То ли это особенность гибели от дистрофии, от голода, то ли обострившееся чувство смерти, которой так много было крутом, но известно было в то время, что многие точно ощущали момент ее приближения. Как будто слышали ее подход, видели ее.
«— К чему я это говорю? Люди в таких тяжелых условиях работали, и действительно безотказно. До войны были указания: за двадцать минут опоздания — увольнение, потом судить. Чуть ли не каждый обеденный перерыв собирали людей: такой-то прогулял! А вот в тяжелое время блокады не было случая, чтобы человек, который еще может двигаться, чтобы он не работал. Не было таких.
— Так что, тогда не нужно было приказов?
— Никаких приказов! И я не забуду никогда. Я вижу, что народ валится от голода, а больше от холода. Я решил «буржуйку» сделать. Был у нас такой красный уголок, и в нем я сделал вместе с работягами «буржуйку». И решили: полчаса работать — десять минут обогрев. И я потом пришел к такому заключению, что они у меня за эти полчаса дают больше, чем за два часа… Назначили нового директора. Он в шинели начал ходить. Я и не знал, что он директор. Он до этого раз был у меня. Ничего не сказал. А потом приходит и говорит: «Где твои люди?» Я говорю: «Греются». — «Фронт требует оружия, задания надо выполнять, а тут у тебя люди сидят!» Я говорю: «Не сидят, а обогреваются. Они больше потом сделают». В общем, короче говоря, взыскание на меня наложил. Пришел курьер, принес мне выговор. А через две недели, когда он лучше познакомился, пришел извинился передо мной и издал приказ: везде «буржуйки» сделать! Вот так… В силу того что моя семья жила рядом, я, понимаете ли, в неделю раза два-три дома бывал. Тут быстро пробежать, минут пять. У меня две дочки были и жена. Мы жили тут, в доме сорок. И одна дочка умерла. Я ее сам схоронил. Потом жена свалилась. Ее положили не в стационар, а в госпиталь. Вот у меня одна дочка умерла, а вторая одна дома. А ей три, четвертый годик. Так я что? Натоплю плиту (мы не в комнате жили, а на кухне). Я дочку на плиту, тряпками накрою, а сам на завод. Потом прихожу. Бурдой накормлю, чтобы она не умерла. Так и бегал. Прибегу, накормлю ее, переодену, понимаете? И убежал. А она опять одна! Я думал, что она озвереет. Я другой раз прихожу, открываю дверь, а она стоит — маленькая девочка одна в квартире. Ведь все там умерли.

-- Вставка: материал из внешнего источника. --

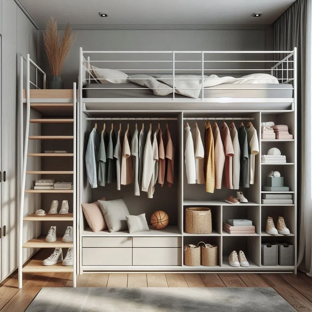 If you need more space for clothes, the area under your loft bed is perfect for creating a mini closet. Install a clothes rail for hanging garments, add shelves for folded items, and incorporate storage bins to keep everything organized. This setup offers a functional wardrobe solution, especially in rooms without built-in closets or for those needing extra storage. The elevated bed makes efficient use of vertical space, freeing up the rest of the room for other essentials. This mini closet design keeps clothing easily accessible while maintaining a tidy, clutter-free environment. Whether used for everyday outfits or seasonal storage, it provides both practicality and style. You can customize the space with baskets, hooks, or shoe racks to suit your needs. With this clever arrangement, your loft bed becomes more than just a sleeping area—it transforms into a multi-functional piece that maximizes both storage and space.

— А какая часть работников умерла?
— Большая. Хорошие, квалифицированные люди были. Ну, что же сделаешь?! Если взять, допустим, ноябрь — декабрь сорок первого года, меньше чем половина, нет — одна треть осталась. Если взять сорок второй год, так я прямо вам могу сказать: в целом по заводу примерно тысячи полторы-две осталось из восьми.
— И на фронт ушли многие?
— Да, на фронт многие ушли, очень многие».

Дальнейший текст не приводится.